借地権の契約更新が20年未更新、円滑な交渉方法は?

初めての投稿となります。よろしくお願いいたします。
父親が借りている借地権について質問させていただきます。
毎月地代は滞ることなく支払っておりますが、契約の更新がされないままとなっております。
更新料についてですが、双方折り合いがつかず4回ほど交渉し、4回目で折り合いをつけ契約を更新しようとしましたが地主(会社)も来られることなく、こちらも失念してしまったこともあり、双方できていない状況が20年過ぎてしまい、次の契約更新も行わなければなりません。
(過去4回の交渉資料〔見積書〕〔双方署名・捺印していない更新契約書2部有〕
契約書には更新料については双方協議のうえで支払うと記載されています。
父親も高齢となり、代替わりも考えております。希望としましては引き続きこの土地にをお借りしたいと考えております。遡って更新料をお支払いすることも考えております。

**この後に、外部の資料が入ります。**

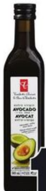
PC® AVOCADO OIL 500 ML 20332066_EA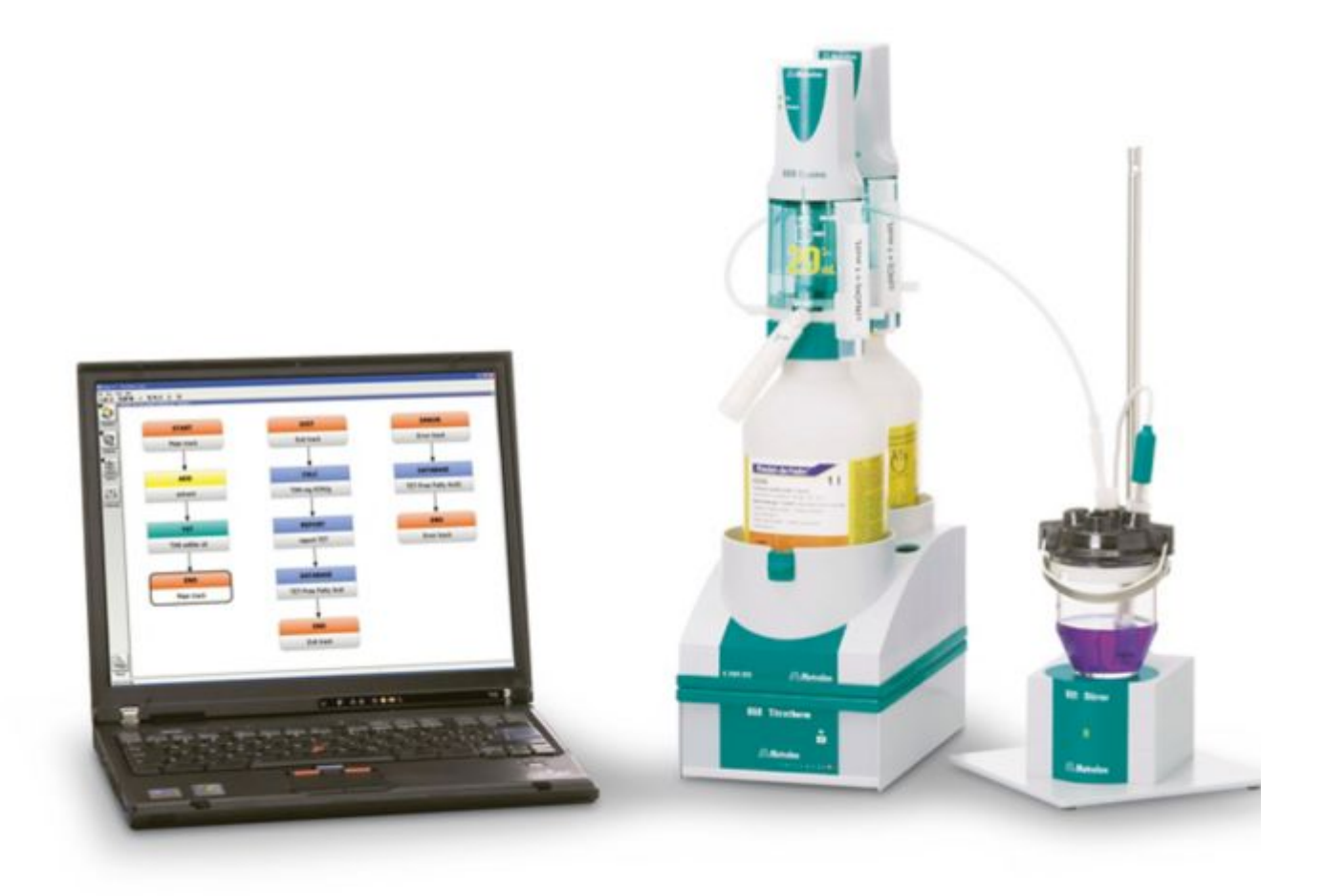
Figure 1. 859 Titrotherm equipped with a Thermoprobe and tiamo. Example setup for the analysis of aluminum.

After allowing to cool down to room temperature, an aliquot of the solution is used for titration. Ammonia buffer and hydrogen peroxide are added subsequently. The excess of EDTA is back titrated with Cu<sup>2+</sup> solution.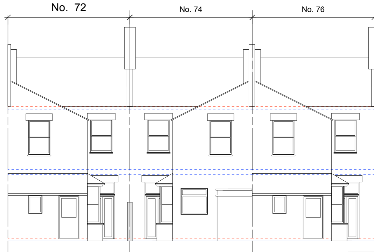
EXISTING REAR ELEVATION SHOWING NEIGHBOURS 1:100@A3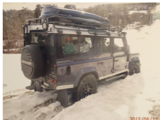
My Defender getting his wheels "snowy" in Norway.

円滑に交渉を進めるためにはどのように対応すべきでしょうか。

正確には、契約書の内容を確認する必要がありますが、ご相談者さんのケースでは、おそらく、借地借家法上の法定更新が成立している可能性があります。
 借地権の存続期間が満了する場合に、借地人が契約の更新を請求したときは、建物がある場合に限り、従前の契約と同一の条件で契約を更新したものとみなすものとされています(借地借家法第5条1項)。これを法定更新といいます。
 借地人が更新請求をしなかった場合でも、借地権の存続期間が満了した後、借地権者が土地の使用を継続するときも、建物がある場合も同様に契約を更新したものとみなされます(借地借家法第5条2項)。

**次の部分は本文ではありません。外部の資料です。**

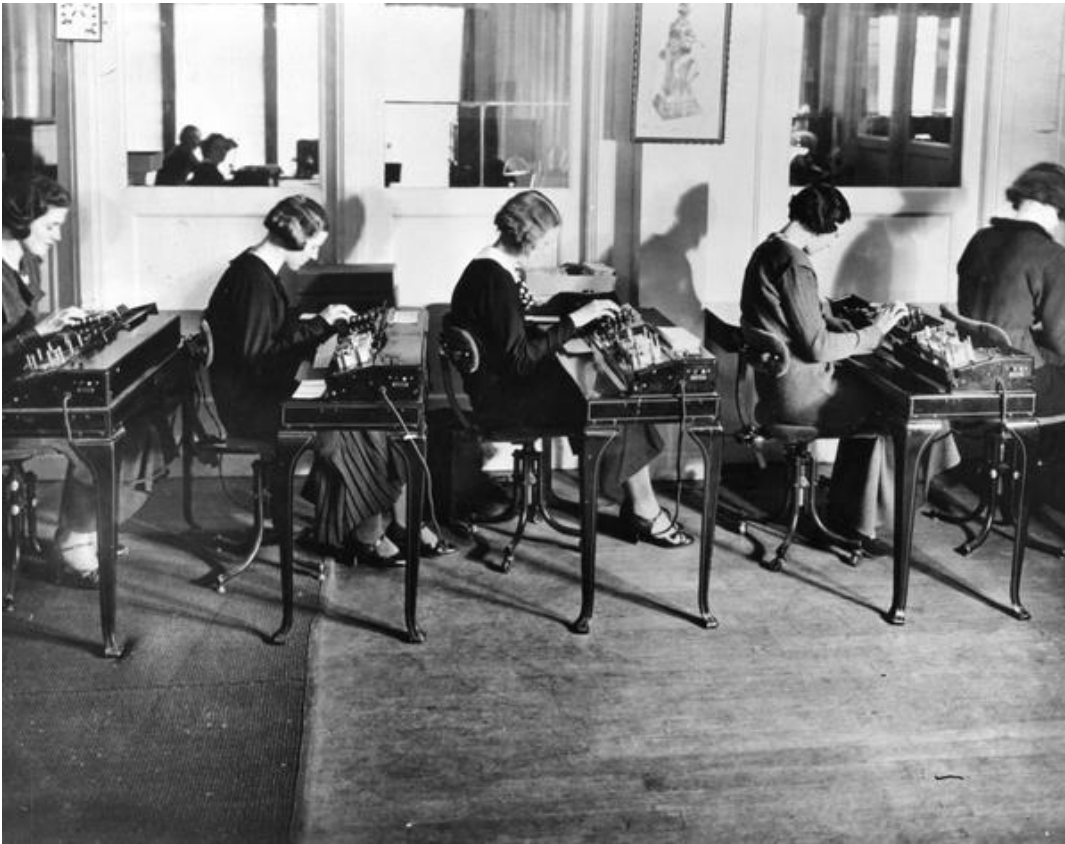
Keypunch operators at IBM in Stockholm in the 1930s.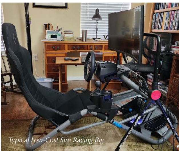
Typical Low-Cost Sim Racing Rig

Sim Racing is an exhilarating hobby that combines the thrill of motorsport with the convenience of home gaming. For many enthusiasts/potential racers, it provides a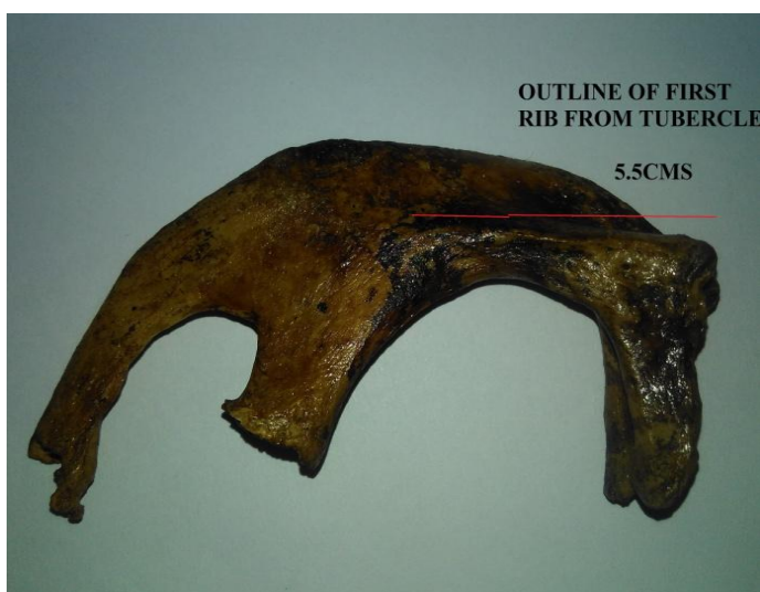
Fig – 2 showing the clear outline of the outer border of first rib of about 5.5cms from its tubercle.

Costal ends of both the ribs were found to be separate. Impression of scalenus medius was present over the superior surface of the first rib and scalene tubercle was made out in the inner border of the first rib with serratus anterior tuberosity on the outer border of second rib. (fig- 4).

 そのため、更新の契約書が締結できていなかったとしても、法定更新により、借地契約が継続しているものと思われます。
 なお、更新された後の借地契約の期間は、最初の更新のときは20年、それ以降は更新の日から10年とされます(借地借家法第4条)。
 新たに借地契約書を締結し直す方法が考えられますが、お父様が不利にならないよう、締結予定の契約書等を弁護士にリーガルチェックしてもらうとよいでしょう。
 いずれにしましても、より詳しくは、お手もとの契約書等を持参の上、お住まいの地域等の弁護士に直接確認してもらい、適切なアドバイスを仰いでみて下さい。

【参考】借地借家法
(借地契約の更新請求等)
第五条 借地権の存続期間が満了する場合において、借地権者が契約の更新を請求したときは、建物がある場合に限り、前条の規定によるもののほか、従前の契約と同一の条件で契約を更新したものとみなす。ただし、借地権設定者が遅滞なく異議を述べたときは、この限りでない。

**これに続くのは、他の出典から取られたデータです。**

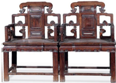
Figure 13 – First and middle period of the Qing Dynasty mahogany chair

– First and middle period of the Qing Dynasty (1616 – 1940) (Fig. 13).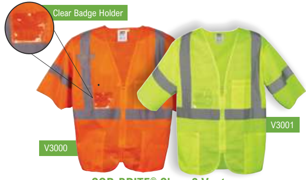
COR-BRITE® Class 3 Vests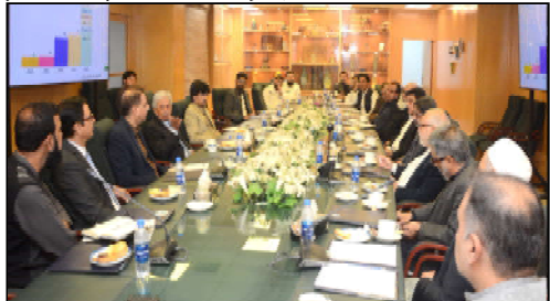
ISLAMABAD: Federal Minister for National Food Security & Research Mr. Rana Tanveer Hussain chairing a meeting with Rice Exporters Association of Pakistan (REAP) in IDAP.

In 2023, more than 1,400 people lost their lives and over 18,000 were wounded in road accidents in Karachi.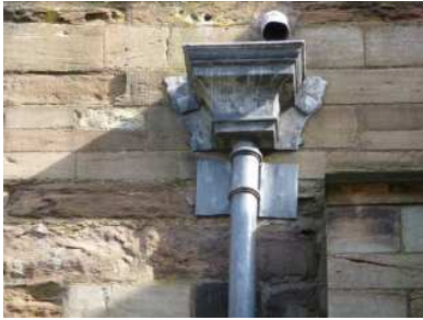
A beautiful new hopper

2 借地権の存続期間が満了した後、借地権者が土地の使用を継続するときも、建物がある場合に限り、前項と同様とする。
3 略
(借地契約の更新拒絶の要件)
第六条 前条の異議は、借地権設定者及び借地権者(転借地権者を含む。以下この条において同じ。)が土地の使用を必要とする事情のほか、借地に関する従前の経過及び土地の利用状況並びに借地権設定者が土地の明渡しの条件として又は土地の明渡しと引換えに借地権者に対して財産上の給付をする旨の申出をした場合におけるその申出を考慮して、正当の事由があると認められる場合でなければ、述べることができない。